If you are going to get rich, you may have to give up everything you ever learned in school and from your parents and start from scratch. Now that's not a definite by any means. You may not have to start over. If someone along the line taught you, for instance that it doesn't actually take money to make money, then you may already be on the right track.

That's right. Robert Kiyosaki, author of the Rich Dad book series, said it exactly like this: "It doesn't take money to make money. I often hear people say it takes money to make money. I disagree. We had no money when we started and we were also in debt.

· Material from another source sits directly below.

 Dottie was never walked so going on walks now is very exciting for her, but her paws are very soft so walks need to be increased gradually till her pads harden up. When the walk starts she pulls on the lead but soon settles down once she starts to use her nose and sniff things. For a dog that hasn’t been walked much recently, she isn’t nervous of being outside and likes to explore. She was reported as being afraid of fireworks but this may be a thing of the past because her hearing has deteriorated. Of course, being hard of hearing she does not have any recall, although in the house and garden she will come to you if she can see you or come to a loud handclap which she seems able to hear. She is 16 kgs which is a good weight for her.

It also doesn't take a formal education."

Kiyosaki proceeded to cite the case of Bill Gates: the Microsoft mogul never actually graduated from college, but did that keep him from making his fortune?  No way!  Diplomas are nice, but they don't reliably add up to more money.

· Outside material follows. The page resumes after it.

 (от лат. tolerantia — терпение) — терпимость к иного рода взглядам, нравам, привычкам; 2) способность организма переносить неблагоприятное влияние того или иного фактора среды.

Robert Kiyosaki says that the only true prerequisites to being rich are that one must be determined and a quick study. Beyond that, it's all about what you know. One of the first things you need to know about becoming rich is where you fall on the Cash Flow Quadrant.

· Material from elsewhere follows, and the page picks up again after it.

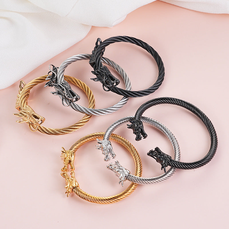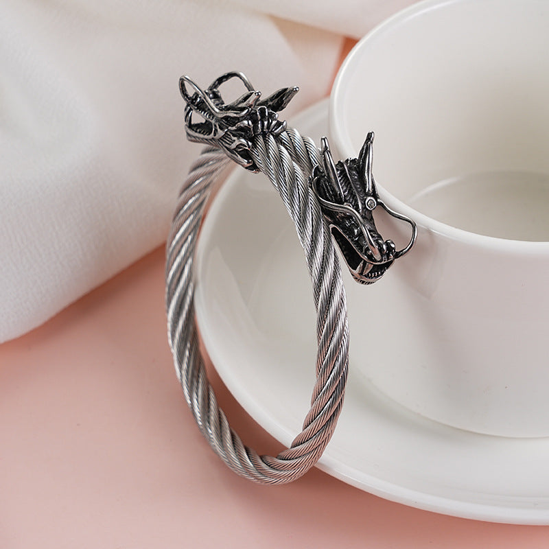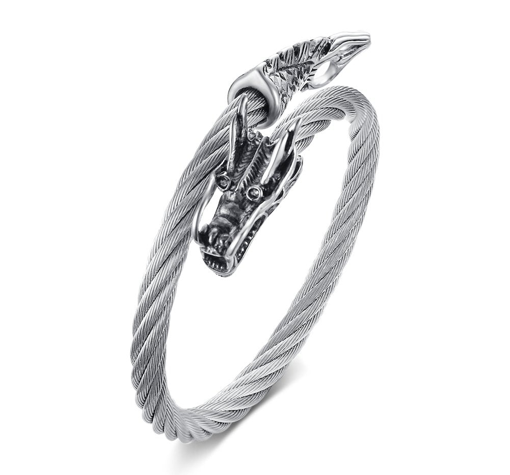 Rockyu ワイヤードラゴンバングル|メンズ向けシルバーステンレスブレスレット

Kiyosaki's "Rich Dad," actually his childhood best friend's father, is the one who introduced him to the Cash Flow Quadrant, a handy diagram that visually illustrates the ways in which individuals with different personalities relate to money.  It consists of a square split into four quadrants, labeled 'E' (Employee), 'S' (Self-employed), 'B' (Business), and 'I' (Investor).  If your aim is to become rich, you're going to have to set your sights on the 'B' and 'I' quadrants of the diagram.

What Robert Kiyosaki means when he says that in order to build wealth, you need to be a quick learner, is that you must learn the ropes of investing.  Following in the steps of "Rich Dad," Kiyosaki himself invested in real estate- a great choice for anyone considering investing, as so much depends on it.  In his "Rich Dad," book, he points out how many of Hawaii's businesses were located on land owned by Rich Dad.

This isn't about learning the minutiae of real estate investing and immersing yourself in every technical point and statistic- these things are important and useful for  investors, but this expertise can come in the form of a profession that you hire to make these in-depth decisions for you.  You only need to understand the subject matter to the extent that you can recognize an expert when you see one.

That is a far cry from thinking like a Self-employed person. According to Kiyosaki, a self-employed person is someone who owns a job, not a business. You don't own a true business, he said, unless you can leave it for a year and return to find it still making money for you. Businesspeople, he said, know better than to try to do everything themselves. In order to save time and money, they hire people to do the things they can't do or don't have time to do. That's why hiring a qualified real estate professional to guide you in your decisions can be a good investment in and of itself.

At the end of the day, you only really need to have a certain level of knowledge regarding the ins and outs of Minnesota real estate, and the experts you hire can guide you the rest of the way. If you take one thing from reading this article, let it be this: if you aspire to be rich, it's time for you to make the move to the 'I' quarter of the Cash Flow Quadrant.